◆ **What you should do**
Restate, in full and unchanged, the entries that follow, but not their pictures.

[[ Available data open ]]

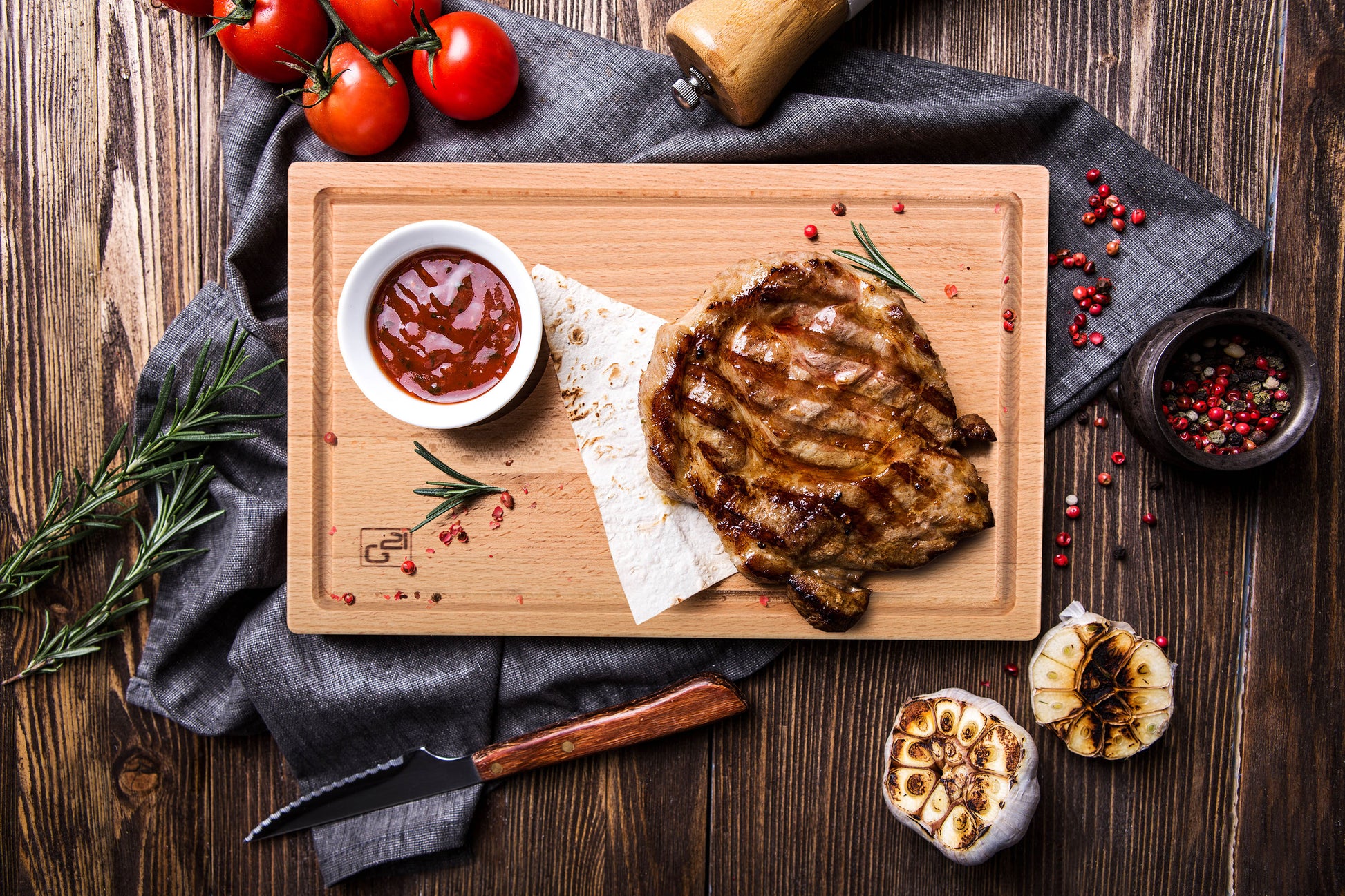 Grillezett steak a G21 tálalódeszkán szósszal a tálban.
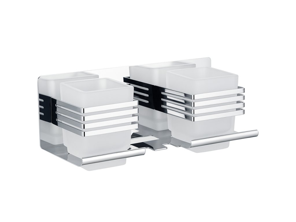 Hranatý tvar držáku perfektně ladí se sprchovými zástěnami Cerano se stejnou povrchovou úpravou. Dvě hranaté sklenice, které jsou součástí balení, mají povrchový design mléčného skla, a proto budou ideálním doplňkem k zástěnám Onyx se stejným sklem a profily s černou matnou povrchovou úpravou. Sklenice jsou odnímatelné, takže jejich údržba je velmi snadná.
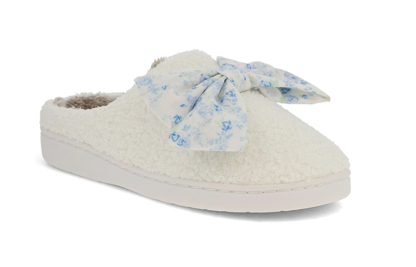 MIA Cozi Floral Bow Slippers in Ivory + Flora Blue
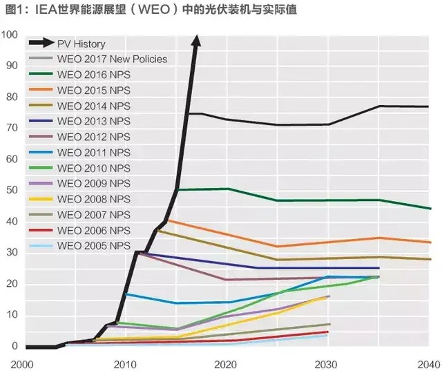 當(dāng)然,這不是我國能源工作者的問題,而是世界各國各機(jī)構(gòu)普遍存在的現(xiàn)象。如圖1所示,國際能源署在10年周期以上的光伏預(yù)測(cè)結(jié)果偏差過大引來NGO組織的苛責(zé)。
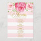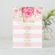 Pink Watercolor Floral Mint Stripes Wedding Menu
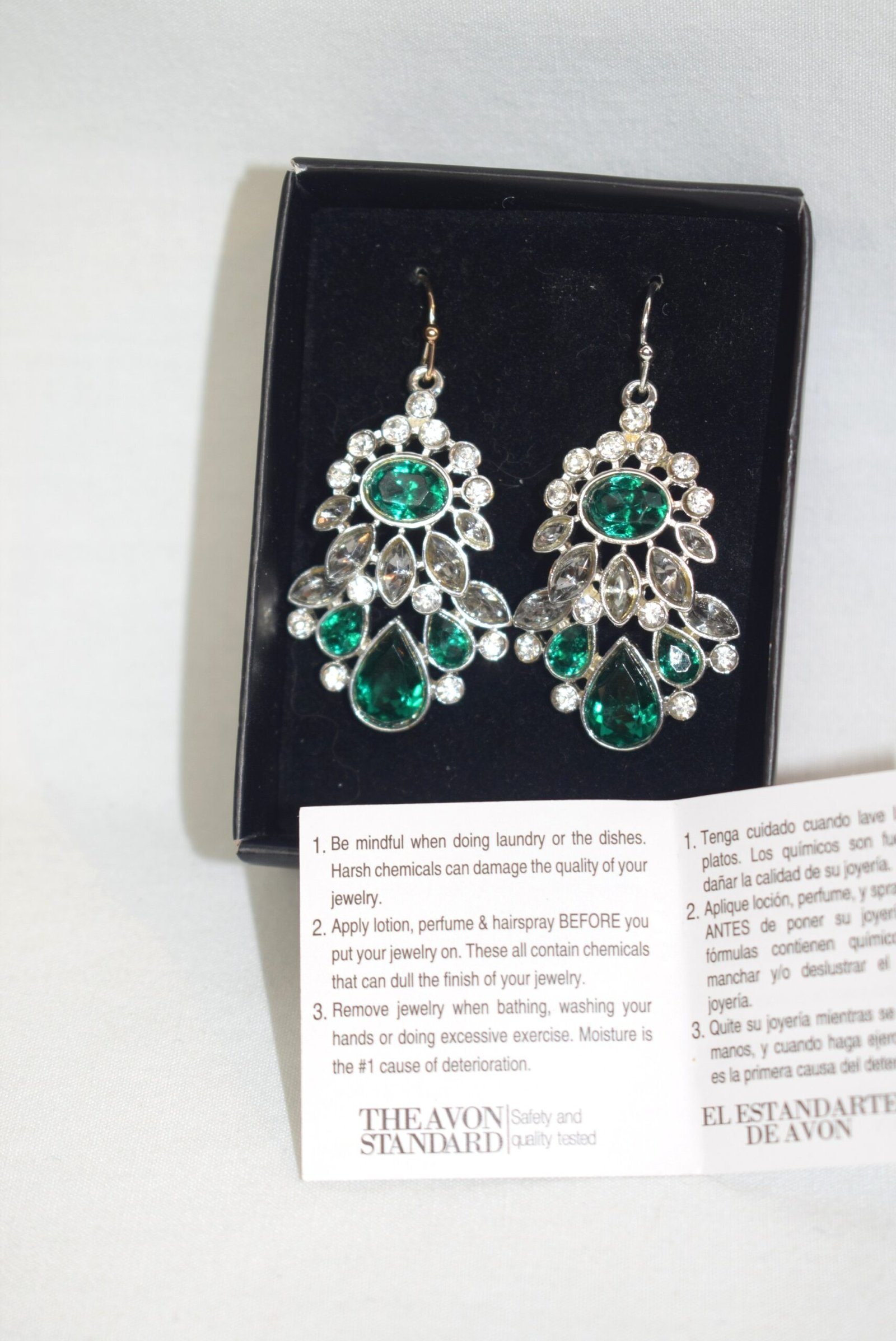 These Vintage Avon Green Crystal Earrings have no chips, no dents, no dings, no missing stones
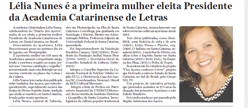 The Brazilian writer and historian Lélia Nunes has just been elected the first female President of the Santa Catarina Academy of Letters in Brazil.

[[ Available data closed ]]

◆ **Exercise result**
 Grillezett steak a G21 tálalódeszkán szósszal a tálban.
 Hranatý tvar držáku perfektně ladí se sprchovými zástěnami Cerano se stejnou povrchovou úpravou. Dvě hranaté sklenice, které jsou součástí balení, mají povrchový design mléčného skla, a proto budou ideálním doplňkem k zástěnám Onyx se stejným sklem a profily s černou matnou povrchovou úpravou. Sklenice jsou odnímatelné, takže jejich údržba je velmi snadná.
 MIA Cozi Floral Bow Slippers in Ivory + Flora Blue
 當(dāng)然,這不是我國能源工作者的問題,而是世界各國各機(jī)構(gòu)普遍存在的現(xiàn)象。如圖1所示,國際能源署在10年周期以上的光伏預(yù)測(cè)結(jié)果偏差過大引來NGO組織的苛責(zé)。
 Pink Watercolor Floral Mint Stripes Wedding Menu
 These Vintage Avon Green Crystal Earrings have no chips, no dents, no dings, no missing stones
 The Brazilian writer and historian Lélia Nunes has just been elected the first female President of the Santa Catarina Academy of Letters in Brazil.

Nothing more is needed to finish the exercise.